CHAPTER 04 Financing a Business Operation
Where security is taken on personal or movable property, a lender may have to effect registrations in a number of jurisdictions across (or even outside) Canada in order to protect its security interest, since personal property security is primarily (although not exclusively) under provincial jurisdiction. Ontario’s Personal Property Security Act is modelled on Article 9 of the U.S. Uniform Commercial Code . All other Canadian common law provinces have similar, but not identical, legislation. With some exceptions, the Act applies to every transaction that in substance creates a security interest, including a lease that secures payment or performance of an obligation, and any lease of goods with a term of more than one year.
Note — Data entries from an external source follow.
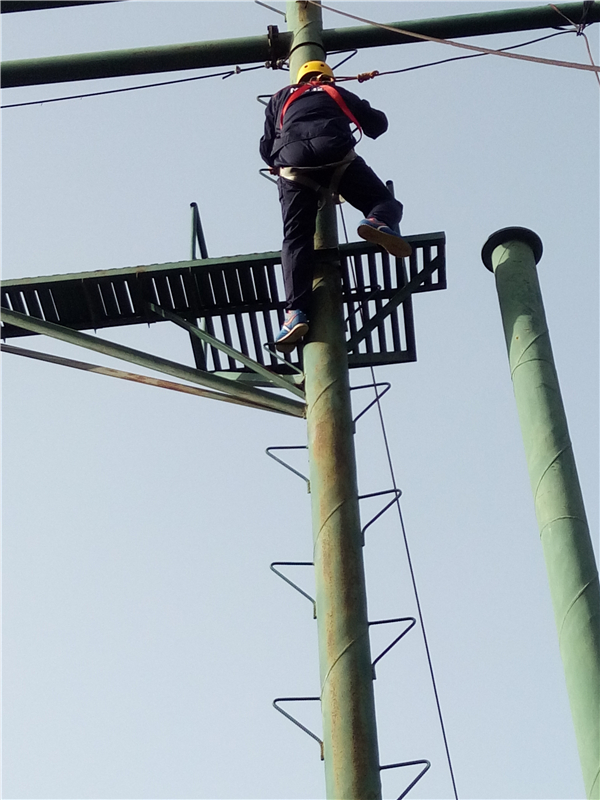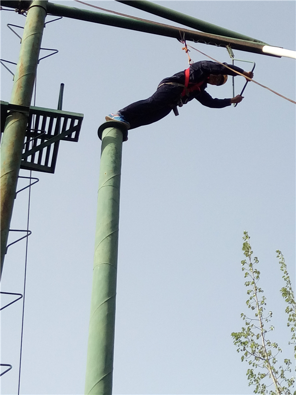 ? ? 這個項目是“高空抓杠”。要求隊員依次獨立的爬上立柱,在圓盤上站穩(wěn)后,雙腿同時用力蹬出,雙臂前伸抓住掛在前方的單杠。
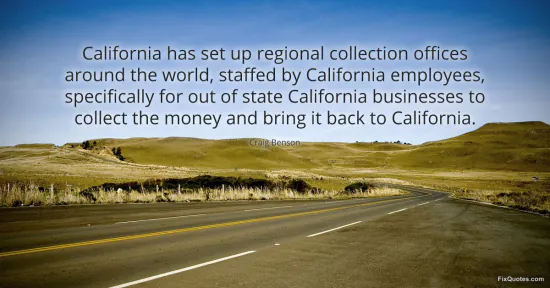 Benson, Craig. "California has set up regional collection offices around the world, staffed by California employees, specifically for out of state California businesses to collect the money and bring it back to California." FixQuotes. January 15, 2026. https://fixquotes.com/quotes/california-has-set-up-regional-collection-offices-140176/.
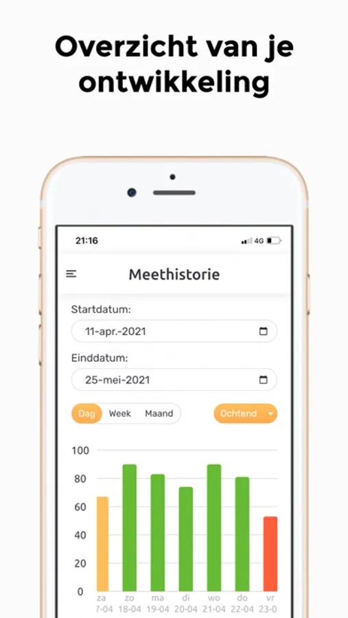 The StressCoach App gives insight in you stress level in different situations in only a few minutes a day.

To perfect its security interest, a secured party must either take control of the property secured or register a financing statement at a searchable computerized registry, depending on the type of collateral. Further registrations are required in certain circumstances, such as a debtor name change or a transfer of collateral, and to effect a renewal. The Civil Code of Québec generally provides for a single form of consensual security: the hypothec. A hypothec is a charge on movable (personal) or immovable (real) property that is granted to guarantee the performance of any present or future obligation. The security created by a hypothec is set up against third parties by the registration of a notice in registries established for that purpose or by the secured party taking delivery or control of the secured property, depending on the type of property. Further registrations are required in certain circumstances, such as a debtor name change or a transfer of collateral, and to effect a renewal. Unlike in other Canadian provinces, in Québec, it is possible to set up a hypothec over deposits in a bank account by registration or by control.
Québec has requirements relating to the execution and form of security and the notices thereof that differ from those applicable in the other Canadian provinces. For example, there are notarial requirements for the execution of hypothecs charging immovable (real) property and hypothecs granted in favour of an agent acting on behalf of other secured parties. Also, Québec law has been amended to require that notices of security and any documents submitted to the movable (personal) property and immovable (real) property registries must be drafted in French. The amendments also require that parties to certain types of contracts predetermined by one party (such as standard form contracts) be provided with French translations of those contracts before signing the English versions.
In Canada, securities regulation is within provincial jurisdiction, and each province and territory has securities regulatory legislation that is, broadly speaking, comparable to that of the United States.